+++ INPUT +++
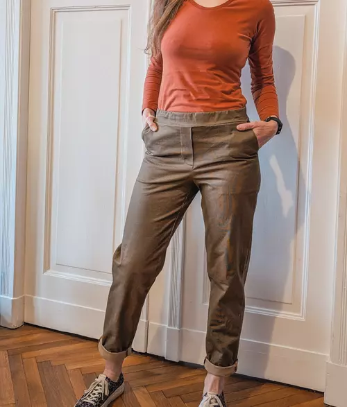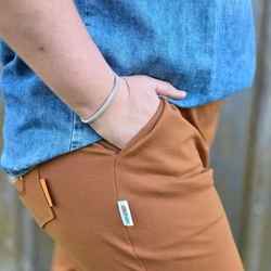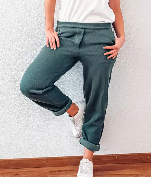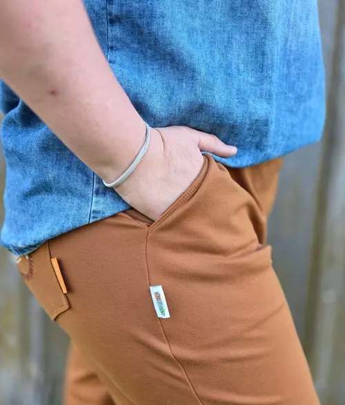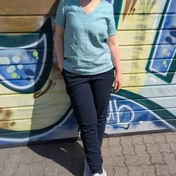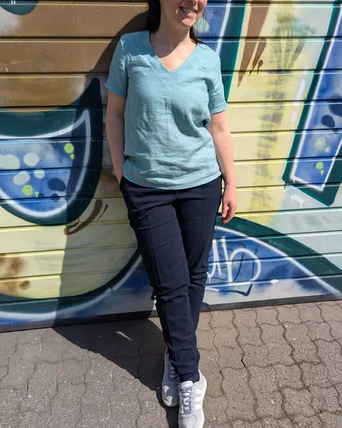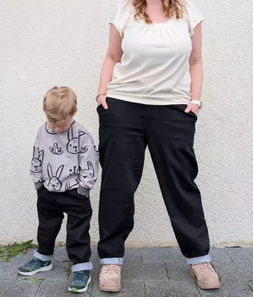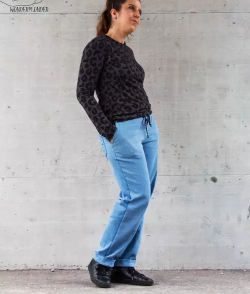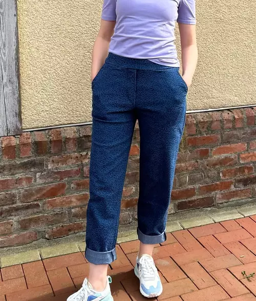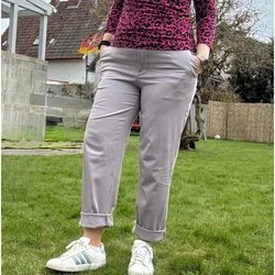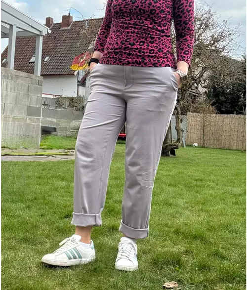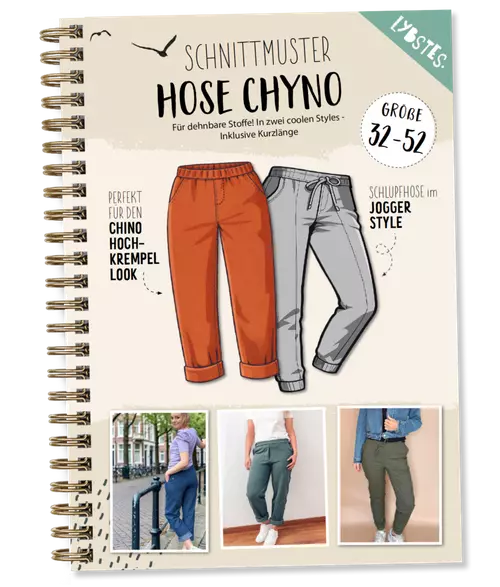 Unsere Chyno ist super vielseitig. Je nach Stoff wirkt der Schnitt immer wieder anders: Mit Stretch-Twill oder Gabardine nähst du dir eine klassische Chino, Jeans mit Elasthan oder Stretch-Kord eignen sich perfekt für einen lässigen Hochkrempel-Look. Für einen sportlichen Style sind auch Sweat oder Scubastoffe ideal und geben der Hose einen coolen Jogger-Charakter.
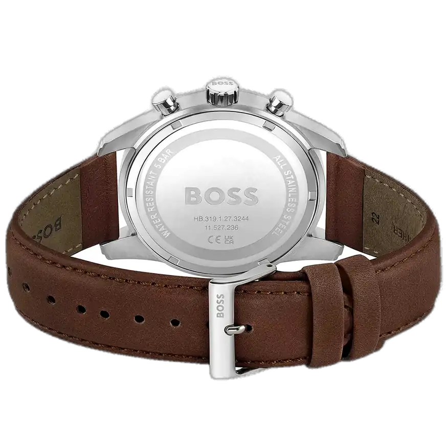 Soar to new heights of style with the original Hugo Boss men’s chronograph watch, model (Skymaster) 1513940. This sophisticated timepiece features a vibrant blue dial paired with a luxurious brown leather strap, offering premium quality and elegance at exceptional value from Aurenzo.
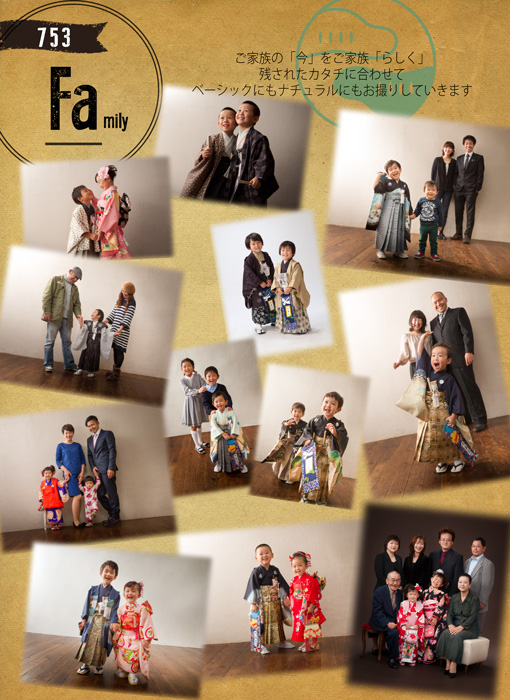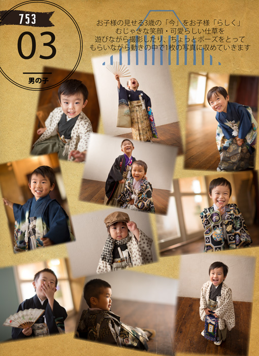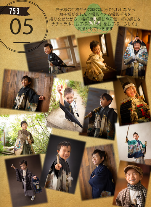 3才のお子様は「今」の時期しか見せない可愛らしさ・むじゃきな仕草・表情を、5才の男の子はキリっとした表情やポーズ・元気いっぱいの「今」をお撮りし、7才の女の子はお着物の姿「美」を求めながらキレイな表情・可愛らしい表情をお子様「らしく」一瞬・一瞬をお撮りしていきます。
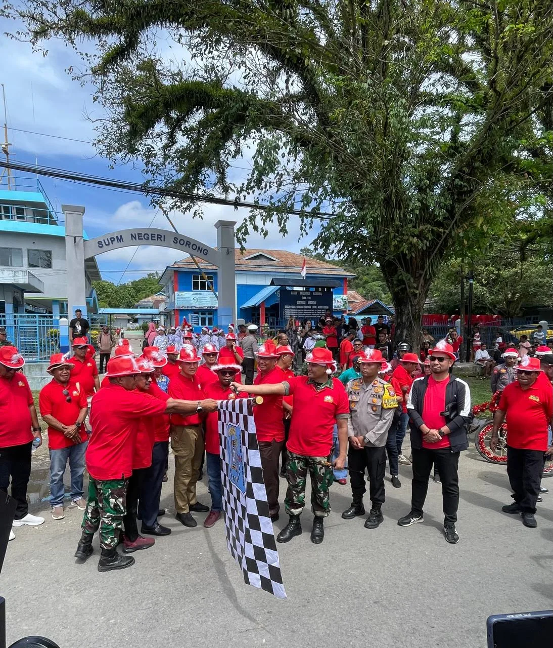Sorong — Papua Barat Daya Komandan Korem 181/Praja Vira Tama, Brigjen TNI Slamet Riadi, S.I.P., menghadiri Karnaval Santa Claus Natal Tahun 2025 di pimpin langsung oleh Wali Kota Sorong Septinus Lobat, S.H., M.PA yang digelar meriah di Sekolah Usaha Perikanan Menengah (SUPM) Sorong di Jalan Perikanan, Kelurahan Klademak, Distrik Sorong Barat, Kota Sorong, Papua Barat Daya., Senin (01/12 /2025).
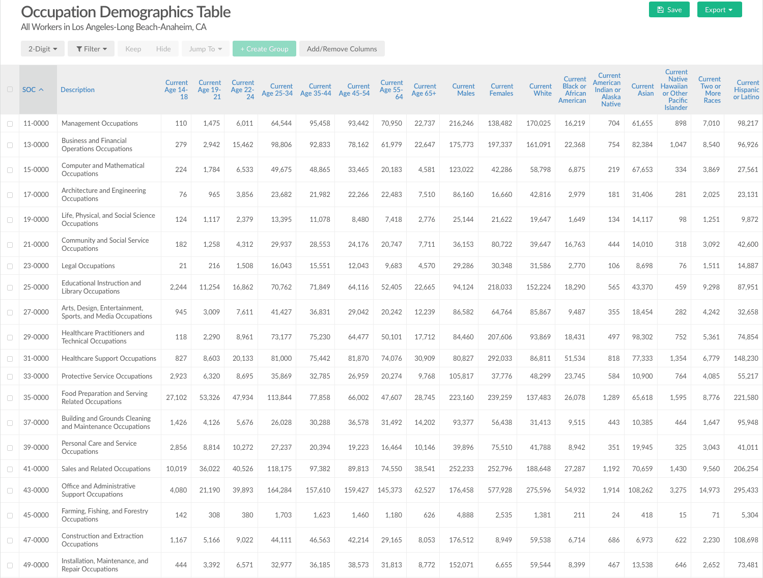 The new Occupations Demographic Report has been one of our most user requested features. With this new dataset and report we are able to showcase the demographic breakdown of every occupation. Below is a table containing a list of various occupations for the Los Angeles MSA. We can divide the data by age, gender, race, ethnicity, and even identify historical trends.
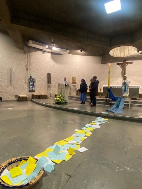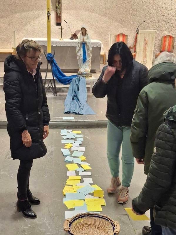 L’après-midi a commencé par un chemin de croix, puis s’est prolongée par un temps d’Adoration à la basilique souterraine, avant de s’achever par une veillée à la chapelle Saint-Joseph. Chacun a pu y déposer ses intentions de prière aux pieds de Marie, en empruntant un chemin qui conduit à Jésus par notre Sainte Mère
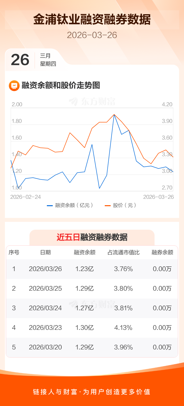 交易所最新数据显示,金浦钛业于2026年3月26日获融资买入1428.06万元,融资偿还2038.97万元,当日融资净偿还610.9万元。目前,该股融资余额1.23亿,占流通市值比例为3.76%。
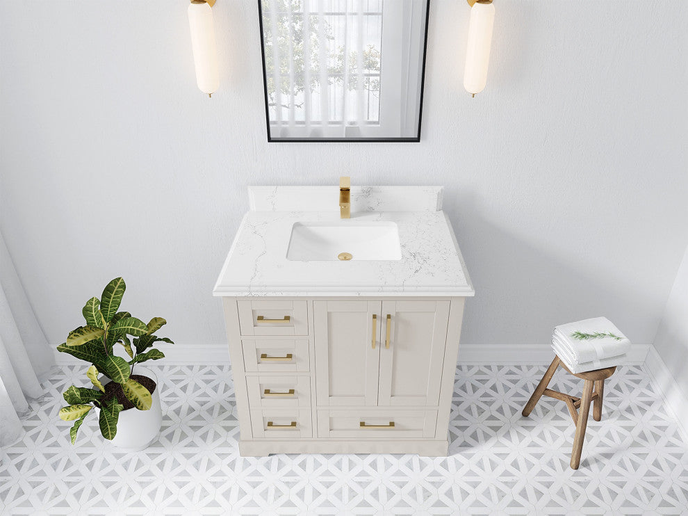 Willow Collection Boston 36 x 22 Center Single Sink with Right Side Bath Vanity in Fine Grain with 1.5" Cove Edge Empira QuartzThe Boston collection features a traditional design bathroom vanity that is both stylish and functional. The vanity is available in Navy Blue, White, Gray and Green colors, and it features soft-close doors and drawers for a smooth, quiet operation. The solid wood frame construction ensures durability, while the dovetail joint adds a touch of craftsmanship. The Boston collection is an excellent choice for any bathroom. This Boston vanity features a handy power plug and hairdryer holder that is available in sizes starting from 42 up to 84 in. The power plug features two USB ports, so you can charge your phones or use them to operate your hairdryer. The hairdryer holder is specially designed to fit most standard hairdryers. With its stylish design and practical features, this vanity is a great addition to any bathroom.Details:Material: Birch Wood and Plywood (NO MDF or PRESSBOARD) Finish Available: Elephant Skin Gray, Evergreen, Navy Blue, White, Pewter Green, Fine Grain and AlabasterNumber of Drawers: 3 Regular Drawers, 1 DOUBLE DRAWER WITH POWER PLUG AND ACCESSORIES (DEEP), 1 ShelfSink Installation: Under-mounted rectangle SINK(S)Hardware: Soft closing hinges and slider Hardware Finish : Brushed NickelCabinet Width: 35 (in.)Cabinet Depth: 21-1/2 (in.)Countertop Width: 36 (in.) Countertop Depth: 22 (in.)Cabinet Height: 34 (in.)Countertop Height: 1.5 (in.) Double Cove Edge or 2 (in.) Straight/ Mitered EdgeCabinet Height with Top: 36 (in.)Backsplash Height: 4 (in.)Faucet: NOT IncludedFaucet Hole(S): Comes with SINGLE hole faucetVanity Countertops options: Mitered /Straight edge or Double Cove Edge (White Quartz, Calacatta Laza Quartz, Calacatta Nuvo Quartz, Carrara Quartz, Empira Quartz, Carrara Marble, Piatra Gray Quartz, Pearl Light Gray Quartz, Venatino Quartz, Calacatta Gold Quartz, Calacatta Black Quartz)
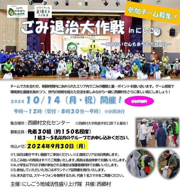 - 「ごみ退治大作戦inにしごう」参加者チーム募集!無料シャトルバスも出ます!
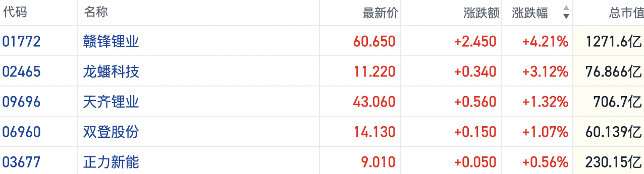 截至发稿,赣锋锂业(01772.HK)涨超4%,龙蟠科技(02465.HK)涨逾3%,天齐锂业(09696.HK)等公司跟涨。
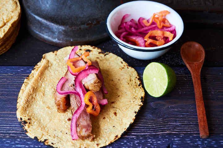 Ribeye steak tacos paired with a fruity, spicy red onion habanero salsa served with warm fresh corn tortillas.
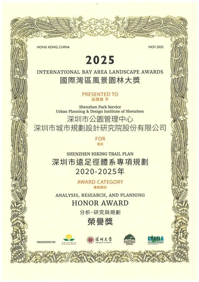 近日,2025国际湾区风景园林大奖颁奖礼在中国香港举行,《深圳市远足径体系专项规划(2020-2025年)》项目在2025国际湾区风景园林大奖分析、研究与规划类别中荣获荣誉奖!
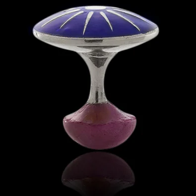 - The top section is made of 14k gold or 925 Sterling silver (approx. 4,8 grams) covered with lapis lazuli, ruby or emerald coloured glass enamel.
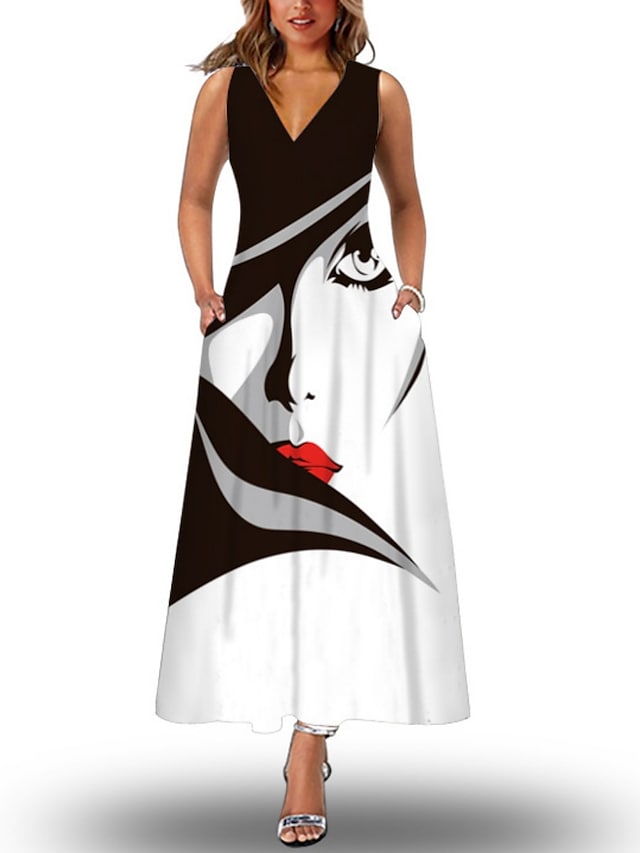 flowersverse Women's Long Dress Maxi Dress Casual Dress Shift Dress Print Dress Floral Butterfly Peacock Fashion Casual Daily Going out Beach Print Sleeveless V Neck Dress Loose Fit Black White Light Green Spring
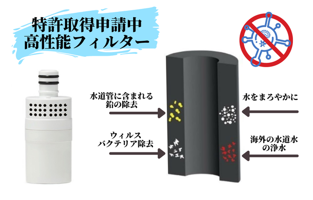 と三拍子揃った高級ステンレス素材を使用しています。フィルターはこれまでに水道水専用型と汚水にも対応する高性能型の開発に成功し、各国で認証を取得済みです。
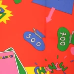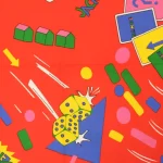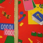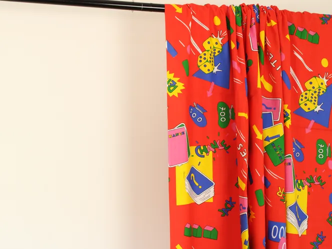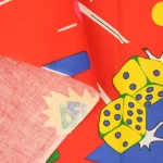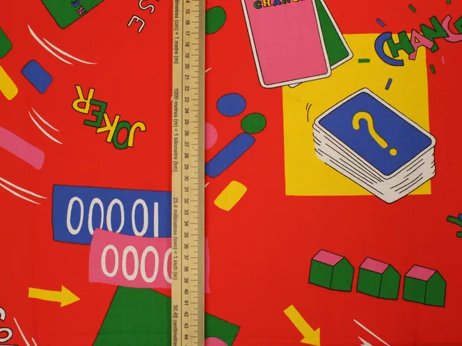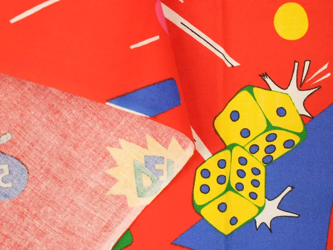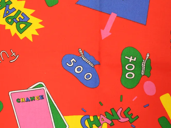 真っ赤な背景のカジノ柄ファブリック。ポップな絵柄とロゴが可愛いデザインです。
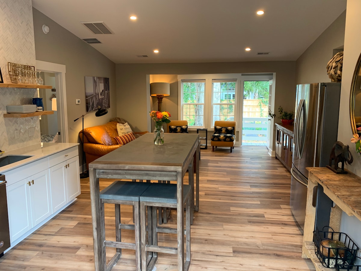 This newly built carriage house is separate from the main house. The cottage is about 1,200 sqft so it very open and spacious and great views of marsh and our tidal creek. We have a separate work area with desk and a massive dinning table if you need more room to work or to gather with friends. Full kitchen, washer and dryer, massive shower, the list goes on. You may not want to leave! Feel free to go sit and have coffee or cocktails on the dock. PERMIT# OP2025-06925
+++
* WHAT TO PRODUCE
When you reach the line that contains "Ribeye steak tacos", start reproducing, and continue word for word to the end of the records; skip all pictures.

* EXERCISE RESPONSE
 Ribeye steak tacos paired with a fruity, spicy red onion habanero salsa served with warm fresh corn tortillas.
 近日,2025国际湾区风景园林大奖颁奖礼在中国香港举行,《深圳市远足径体系专项规划(2020-2025年)》项目在2025国际湾区风景园林大奖分析、研究与规划类别中荣获荣誉奖!
 - The top section is made of 14k gold or 925 Sterling silver (approx. 4,8 grams) covered with lapis lazuli, ruby or emerald coloured glass enamel.
 flowersverse Women's Long Dress Maxi Dress Casual Dress Shift Dress Print Dress Floral Butterfly Peacock Fashion Casual Daily Going out Beach Print Sleeveless V Neck Dress Loose Fit Black White Light Green Spring
 と三拍子揃った高級ステンレス素材を使用しています。フィルターはこれまでに水道水専用型と汚水にも対応する高性能型の開発に成功し、各国で認証を取得済みです。
 真っ赤な背景のカジノ柄ファブリック。ポップな絵柄とロゴが可愛いデザインです。
 This newly built carriage house is separate from the main house. The cottage is about 1,200 sqft so it very open and spacious and great views of marsh and our tidal creek. We have a separate work area with desk and a massive dinning table if you need more room to work or to gather with friends. Full kitchen, washer and dryer, massive shower, the list goes on. You may not want to leave! Feel free to go sit and have coffee or cocktails on the dock. PERMIT# OP2025-06925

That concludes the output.